Inheritance of Iterable

Question

I have a class Super and class Sub where Sub extends Super.

I'm trying to write a class which contains a list of Sub but must implement Iterable<Super>. What I tried to to is:

class Bag implements Iterable<Super> {
     List<Sub> list;

     public Iterator<Super> iterator() {
          return list.iterator();
     }
 }

This doesn't compile (the error message is Cannot cast from Iterator<Sub> to Iterator<Super>). I tried casting in several places, and wildcards in other places, but I don't see what's the problem. I certainly don't see why

public Iterator<Super> iterator() {
    return (Iterator<Super>)list.iterator();
}

wouldn't cast. It's possible that java iterator/iterable subinterface has the solution, but I don't understand it.

///// UPDATE

I managed to do it this way:

Iterator<? extends Super> iterator = ((List<? extends Super>)list).iterator();
return (Iterator<Super>)iterator;

(which gives a warning, Type safety: Unchecked cast from Iterator<capture#4-of ? extends Super> to Iterator<Super>. I can live with it, but why does it give this warning?)

Answer 1

If you're using java 8 an easy way to do this is:

class Bag implements Iterable<Super> {
    List<Sub> list;

    public Iterator<Super> iterator() {
        return list.stream().map(s -> (Super)s).iterator();
    }
}

Answer 2

I certainly don't see why

List<Sub> list;

public Iterator<Super> iterator() {
    return (Iterator<Super>)sections.iterator();
}

wouldn't cast.

Consider situation where you have classes Fruit Apple Banana. You have list of Fruits

List<Fruit> list = new ArrayList<>();

so you can add to it any kind of fruit like Apple or Banana.

list.add(new Apple());
list.add(new Banana());

Now would it be safe to cast such list to more specified type, lets say list of Apples? No. Why? Consider following example:

List<Apple> apples = (List<Apple>)list; //lets assume for now that this is OK
for (Apple ap : apples){
    //do something with apple
}

But list contains not only Apples but also Banana, which is not right argument for code in for loop.
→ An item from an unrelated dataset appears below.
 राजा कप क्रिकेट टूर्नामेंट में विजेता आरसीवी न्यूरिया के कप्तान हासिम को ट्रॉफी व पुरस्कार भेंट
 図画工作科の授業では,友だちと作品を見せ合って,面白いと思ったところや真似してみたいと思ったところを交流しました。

You to solve this problem in many ways, for instance you can try using wildcards like List<? extends Super>. It all depends on what you are actually trying to achieve.

Response to your update

List<Sub> list;

public Iterator<Super> iterator() {
    Iterator<? extends Super> iterator = ((List<? extends Super>)list).iterator();
    return (Iterator<Super>)iterator;
}

Is same as

public Iterator<Super> iterator() {
    List<? extends Super> tmp = list;                     //1
    Iterator<? extends Super> iterator = tmp.iterator();  //2
    return (Iterator<Super>) iterator;                    //3
}

In line marked //1 you are creating temporary reference of type List<? extends Super> and use it to handle list which is type List<Sub> which is perfectly fine, because <? extends Super> was meant to hold type which extends Super like in this case Sub.
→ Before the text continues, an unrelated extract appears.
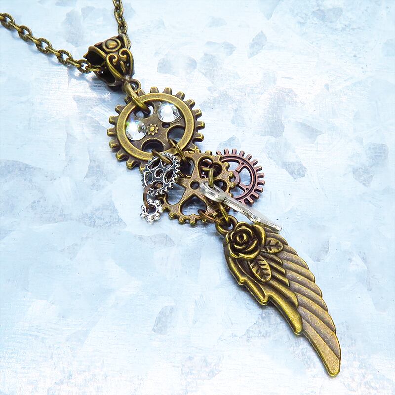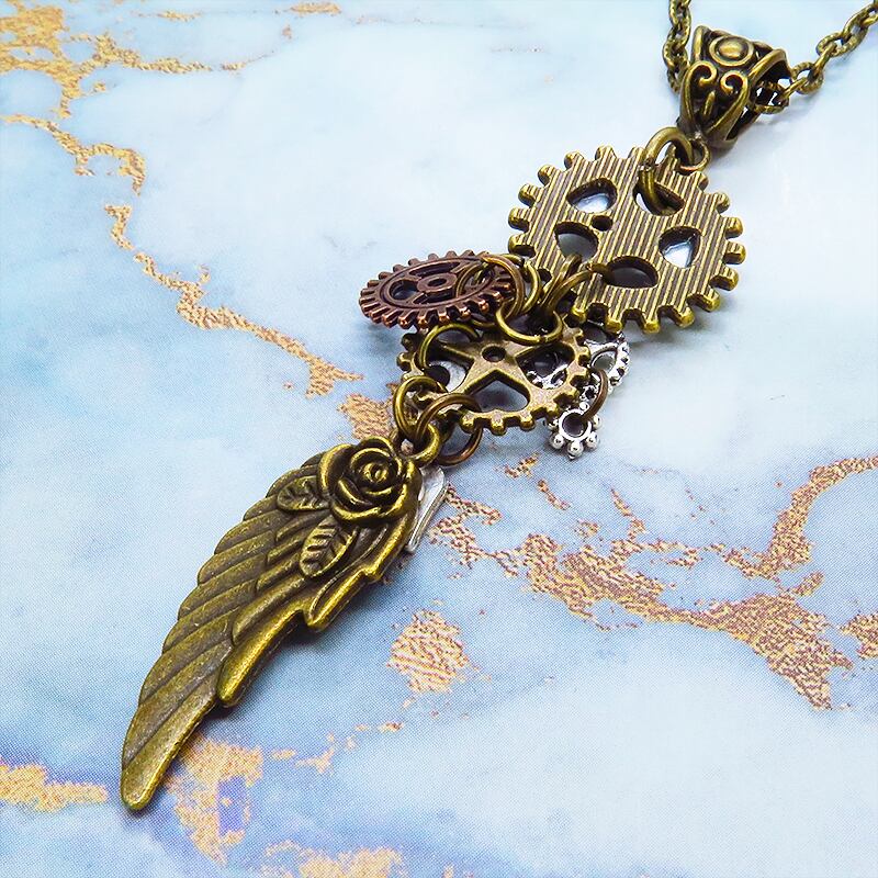 アンティークゴールドの翼と歯車が織りなすスチームパンクの世界観が広がります

In line //2 you are creating iterator using tmp reference so you are getting iterator with same generic type as this reference so it is Iterator<? extends Super>.

Now problem can happen here

return (Iterator<Super>) iterator;                    //3

Consider situation:
You have List<? extends Super> and you want to cast it to List<Super>. Would that be safe? Not really, because via List<Super> you would be able to add any instance of Super type and its subtypes, like SubFoo or SubBar. It means that if List<? extends Super> would hold List<SubBar> you would be able to add to this list not only desired SubBar but also SubFoo, which is potentially dangerous. That is why compiler will inform you about potential danger.

Interestingly this time you will not see compilation error, but warning. It is probably because explicitly casting List<Sub> to List<Super> is to big shortcut which could lead to misunderstandings because programmers could forget what wrong could happen.

Using casting from wildcard may demonstrate that you understand generics enough to say "OK compiler, I am aware of possible problems you want to protect me from, but I know what I am doing", that is why you are seeing warning instead of compilation error.